G. Thilakavathi (or Thilagavathi) (ஜி. திலகவதி) is a retired Indian Police Service officer and first woman IPS officer in the state of Tamil Nadu, India and before retiring serverd as Director General of Tamil Nadu Police - DGP (2010-2011). Having achieved greater heights in her illustrous police career, she is also literature lover & writer and is a Sahitya Akademi (Tamil) winner for her Novel Kalmaram.

== Personal life ==
G. Thilakavathi was born on 1952 in Kumarasamypettai village, Dharmapuri district of Tamil Nadu. Her father name was Govindasami Reddiar. Coming from backward Dharmapuri region, displayed an extraordinary aptitude for academics. She was enrolled in school early. With accelerated promotions, she progressed to higher classes, rubbing shoulders with children much older than her. She obtained a B.A. Economics degree in Auxilium College,Vellore after a failed marriage break, and completed M.A. Economic in Stella Maris College, Chennai.

=== Marriage Life ===

G. Thilakavathi had two failed Marriages. Married at the age of 16 , she had a abusive husband and got separated. In 1982, during her IPS training, had a second marriage with fellow IPS officer Dr.G. Nanchil Kumaran and it did not last long due to marital differences..

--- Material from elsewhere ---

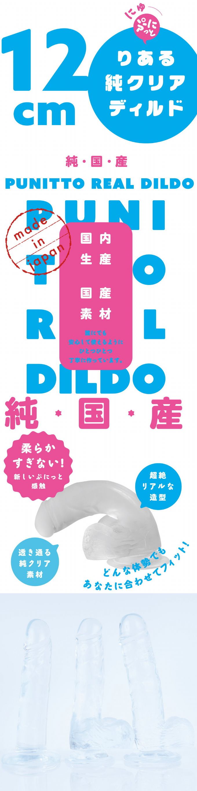 日本國內生產×日本國內素材的純透明假陽具!為了讓任何人都可以放心使用,每一個都經過精心製作。柔軟有彈性讓人上癮的手感×超逼真的造型和通透的純透明素材,對不會過於柔軟新的彈性觸感和造型有所堅持,無論是什麼姿勢都能配合您貼合您。棒的部分長125mm。前端部分最大直徑為35mm。審查編號:2105599

== Indian Police Service Career ==

In 1976, she became the first woman from Tamil Nadu to become an Indian Police Service (IPS) officer. She began her police career as an Assistant superintendent of Police serving in Vellore and later Tiruchirappalli. She subsequently served as Deputy Commissioner of Police of Chennai and Superintendent of Police in the Civil Supplies CID and Commercial Crime Investigation Wing, before being promoted to the rank of Deputy inspector general of police (DIG), while being posted to the Railways in early 1993. Later that year, she was appointed the DIG for the Chengalpattu-MGR range, that covered districts Chengalpattu East and West, and South Arcot. In the process became the first woman DIG of the State. In 2007, she was promoted to Additional Director General of Police (ADGP). In 2010, she was posted as chairman of the Tamil Nadu Uniformed Services Recruitment Board, upon receiving a promotion to the rank of Director general of police.

== Literature Works ==

G.Thilakavathi has scaled heights in the Tamil literary world, penning poetry, nine novels, 18 novellas, nine short story collections, comprising over 150 short stories, 11 essay collections, 14 translations and edited eight books..In 1987, her first short story was published in Dinakaran. Her first short story collection to be published in book form was 'Theyumo sooriyan'. Her short stories Theiyumo Sooriyan (Will the Sun Wane) and Arasigal aluvathillai (Queens don’t cry) won the Government of Tamil Nadu's best short story prize for 1988-89. Her novel Pathini Penn (1983) was made into a film. Some of her works including Vaarthai thavari vittai, Arasigal aluvathillai,Muppathu kodi mugangal have been adapted for television. She is also a translator for Sahitya Akademi and has translated Nizhal Kodugal, Uthirum Ilaigalin Oosai, Govarthan Ram and 50 short stories into Tamil. In 2005, she was awarded the Sahitya Akademi Award for Tamil for her novel Kalmaram (lit. The Stone Tree).

==Partial bibliography==

===Novel's===

- Inimel Vidiyum (இனிமேல் விடியும்) 1989
- Pathini Penn (பத்தினிப்பெண்) 1993. The 1993 film Pathini Penn, an adaptation of the novel of the same name.
- Kaan Thiranthida Vendum (கண்திறந்திட வேண்டும்) 1996
- Sopana Boomiyil (சொப்பன பூமியில்) 1998
- Kanavai soodiya natchathiram (கனவைச் சூடிய நட்சத்திரம்) 2001
- Thilkavathi Novels 1 & 2 (Compilation) (திலகவதி நாவல்கள் 1 & 2(தொகுப்பு)) 2004
- Kalmaram (கல்மரம்) 2005 Winner of Sahitya Akademi Award.
- Unakagava Naan (உனக்காகவா நான்) 2007
- Tamizh Kodiyin Kadhal (தமிழ்க்கொடியின் காதல்) 2007
- Nesathunai (நேசத்துணை)
- Kaikul Vanam (கைக்குள் வானம்)
- Oru aathmavin diary - sila varangal (ஒரு ஆத்மாவின் டயரி சில வரங்கள்)
- Theeku Kanal Thantha Devi (தீக்குக் கனல் தந்த தேவி)

===Essay's===

- Mudivu Edu (முடிவெடு)
- Vergal Vilzhuthugal (வேர்கள் விழுதுகள்)
- Sama Dharma Penniyum (சமதர்மப் பெண்ணியம்)
- Maanuda Magathuvangal (மானுட மகத்துவங்கள்)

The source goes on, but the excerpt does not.